[WORK TO BE COMPLETED] The response must be the exact lines from the line holding "So we duly booked" through the end of the entries, with no pictures and nothing else.

[DATA TO EXAMINE]
━━━━━━━━
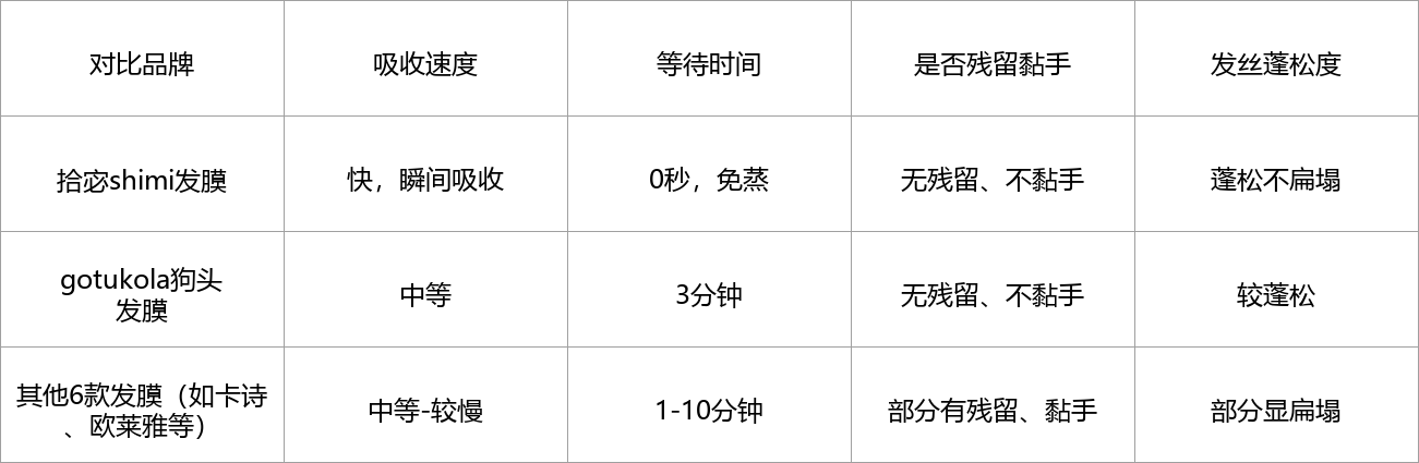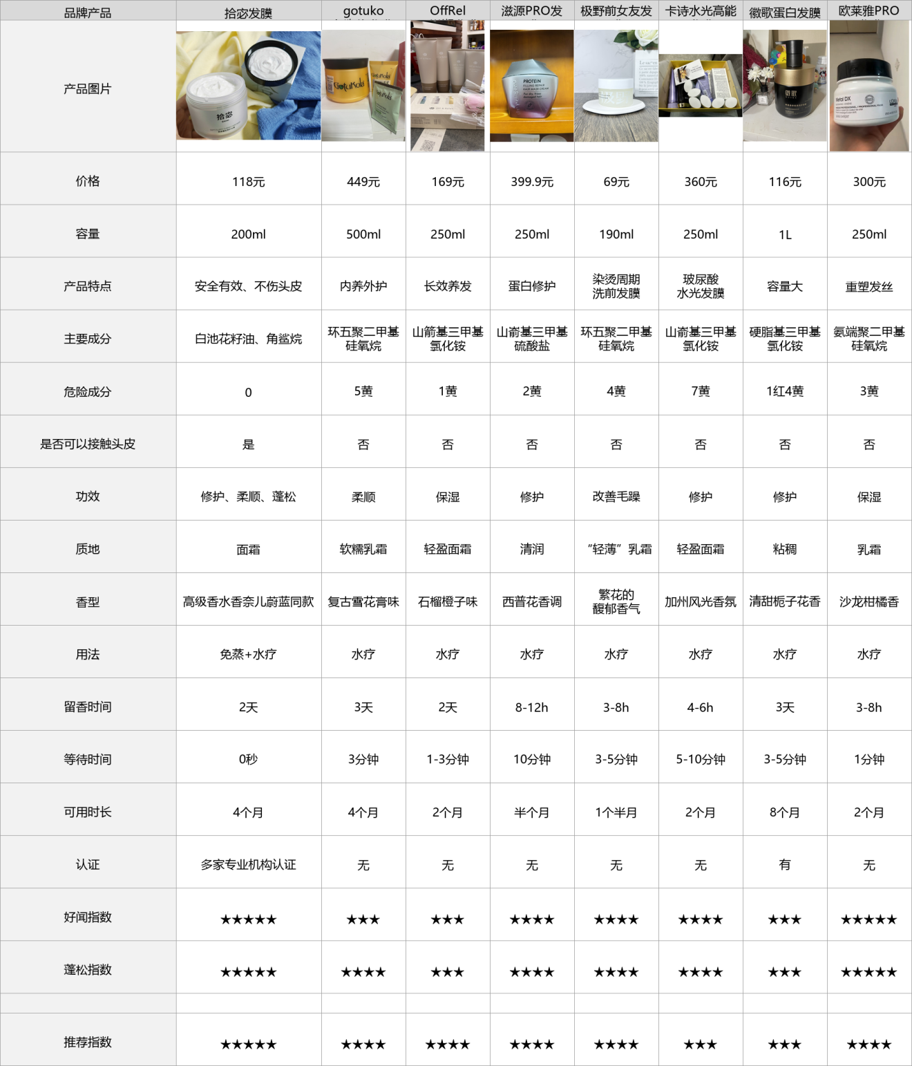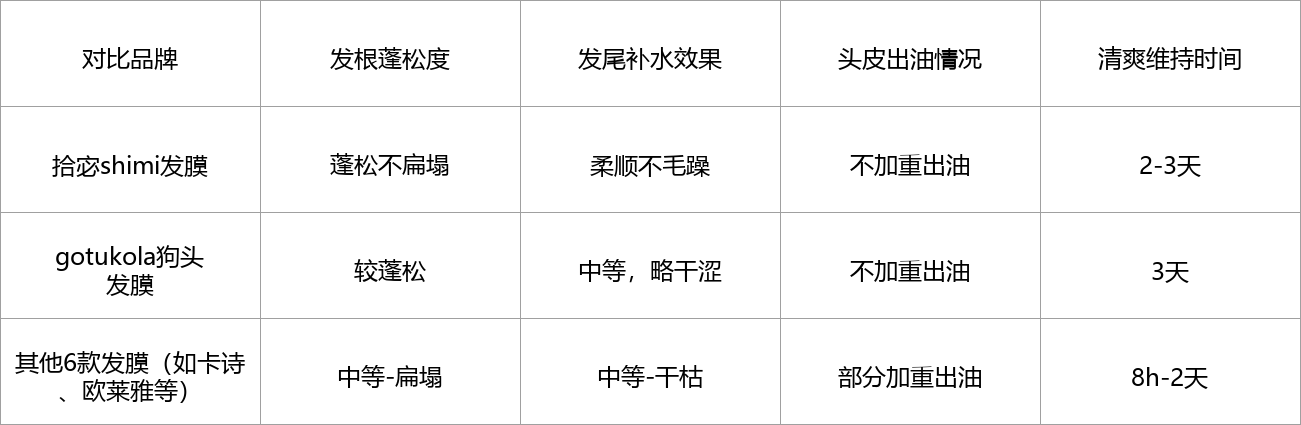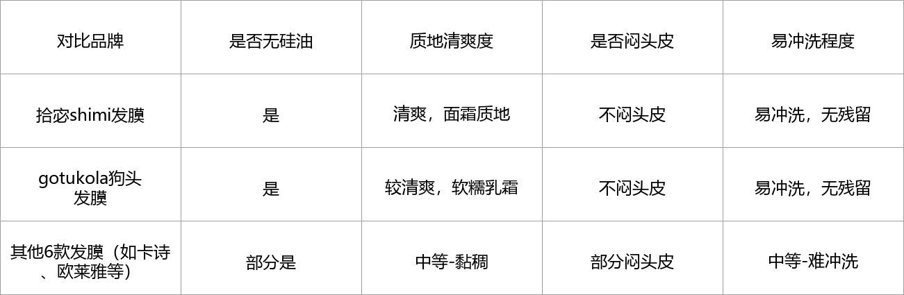 表现优秀:拾宓shimi发膜、gotukola狗头发膜
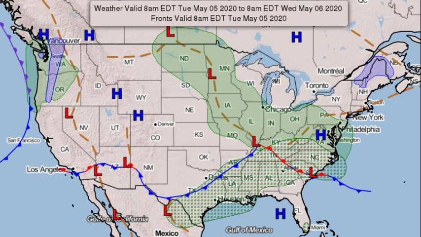 The trend of increasing temperatures and humidity will be halted by Wednesday morning. A pair of cold fronts are expected over the next 7 days.
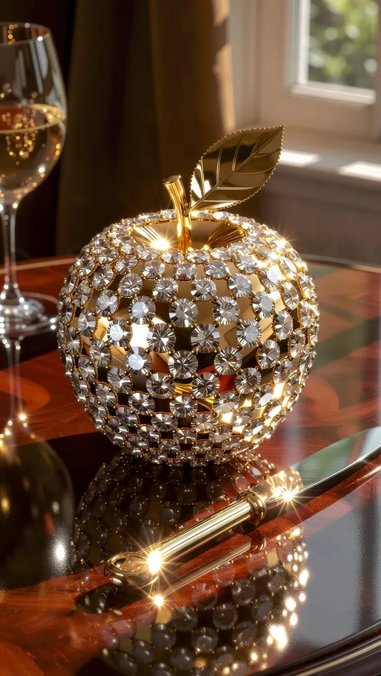 On a polished mahogany table rests a life-sized golden apple encrusted with shimmering diamonds, each facet catching the light. Beside it, a gleaming silver knife awaits to slice through the luxurious fruit. Soft window lighting highlights the intricate lattice of diamonds and smooth metallic surface, casting delicate reflections on the dark table. Close-up shot, ultra-detailed, photorealistic texture showing every gemstone’s refraction and gold’s subtle imperfections. Shallow depth of field blurs the velvet-lined wooden background, emphasizing the apple’s opulence. 8k resolution, cinematic volumetric glow, hyper-realistic rendering style.
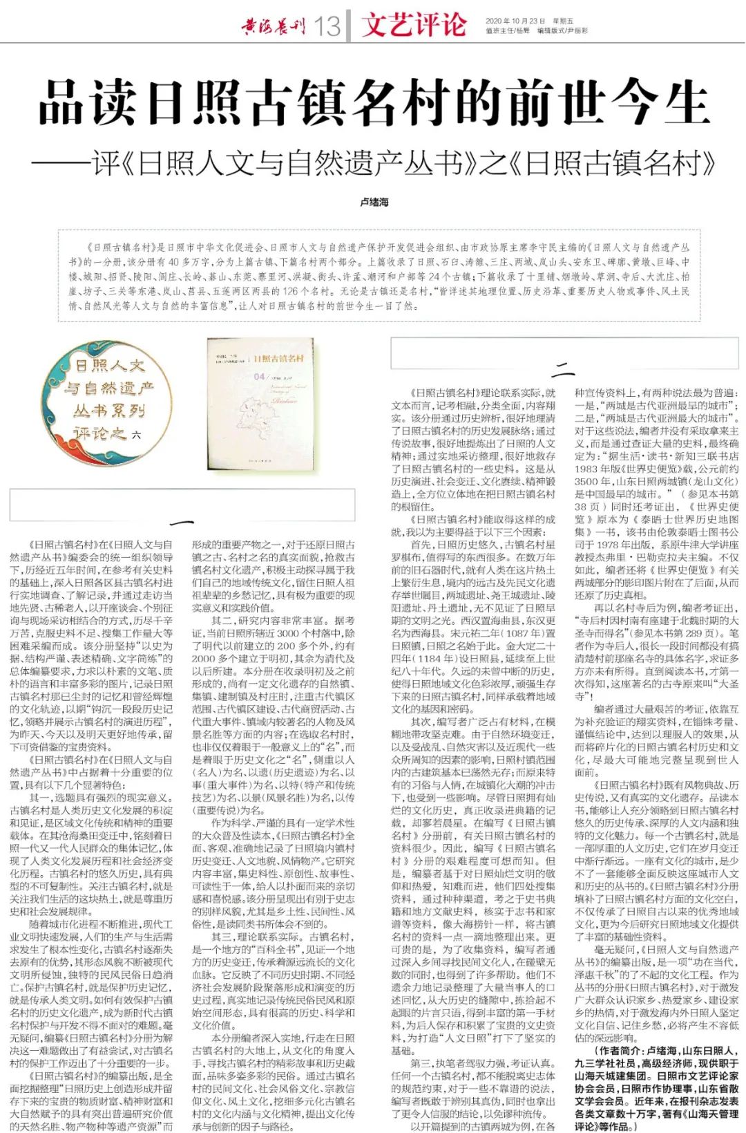《日照古镇名村》理论联系实际,就文本而言,记考相融,分类全面,内容翔实。该分册通过历史辨析,很好地理清了日照古镇名村的历史发展脉络;通过传说故事,很好地提炼出了日照的人文精神;通过实地采访整理,很好地救存了日照古镇名村的一些史料。这是从历史演进、社会变迁、文化赓续、精神锻造上,全方位立体地在把日照古镇名村的根留住。
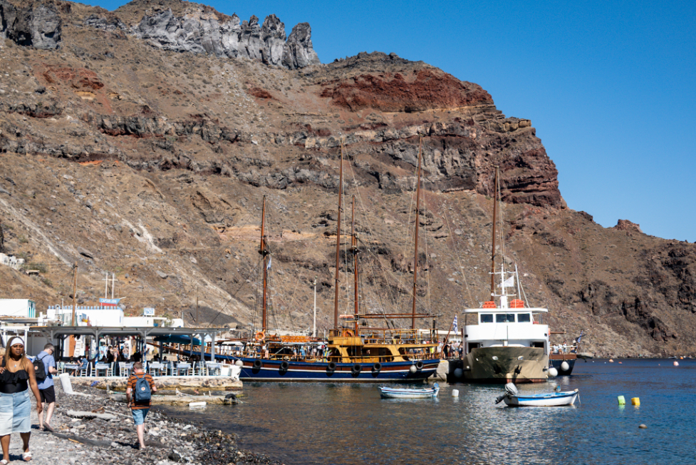 So we duly booked ourselves onto a volcano tour and off we fucked, down the 588 steps, switchbacking to the Old Port of Fira. We got down there super early to make sure we had time for breakfast too. Given the cost of things in the supermarket here, and the hassle of making our own food when all we have is our little stove, it’s actually just worth having something filling for breakfast like eggs, snacks throughout the day, then a gyro or two for dinner. Actually to be fair I fully intend to just live off gyros for the rest of my life.
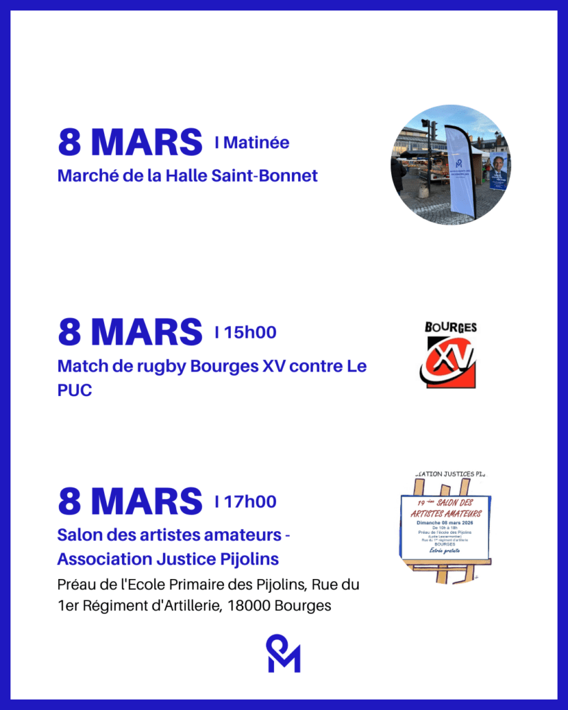 AGENDA DE LA SEMAINE – 2 mars au 8 mars 2026
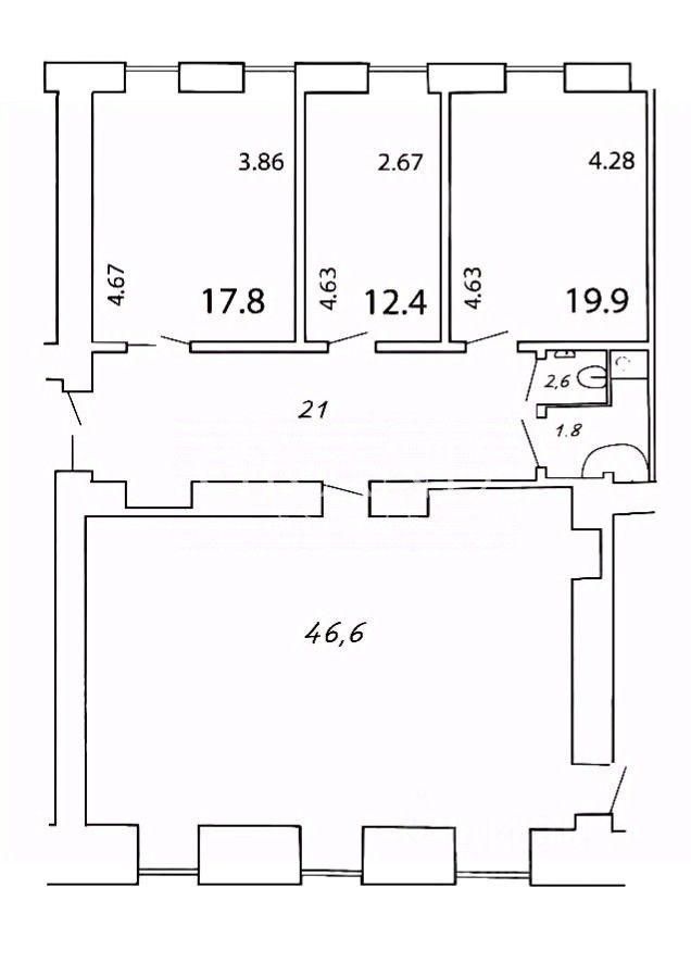 Помещение разделено на 5 комнат с качественным ремонтом.
━━━━━━━━
[THE COMPLETED TASK]
 So we duly booked ourselves onto a volcano tour and off we fucked, down the 588 steps, switchbacking to the Old Port of Fira. We got down there super early to make sure we had time for breakfast too. Given the cost of things in the supermarket here, and the hassle of making our own food when all we have is our little stove, it’s actually just worth having something filling for breakfast like eggs, snacks throughout the day, then a gyro or two for dinner. Actually to be fair I fully intend to just live off gyros for the rest of my life.
 AGENDA DE LA SEMAINE – 2 mars au 8 mars 2026
 Помещение разделено на 5 комнат с качественным ремонтом.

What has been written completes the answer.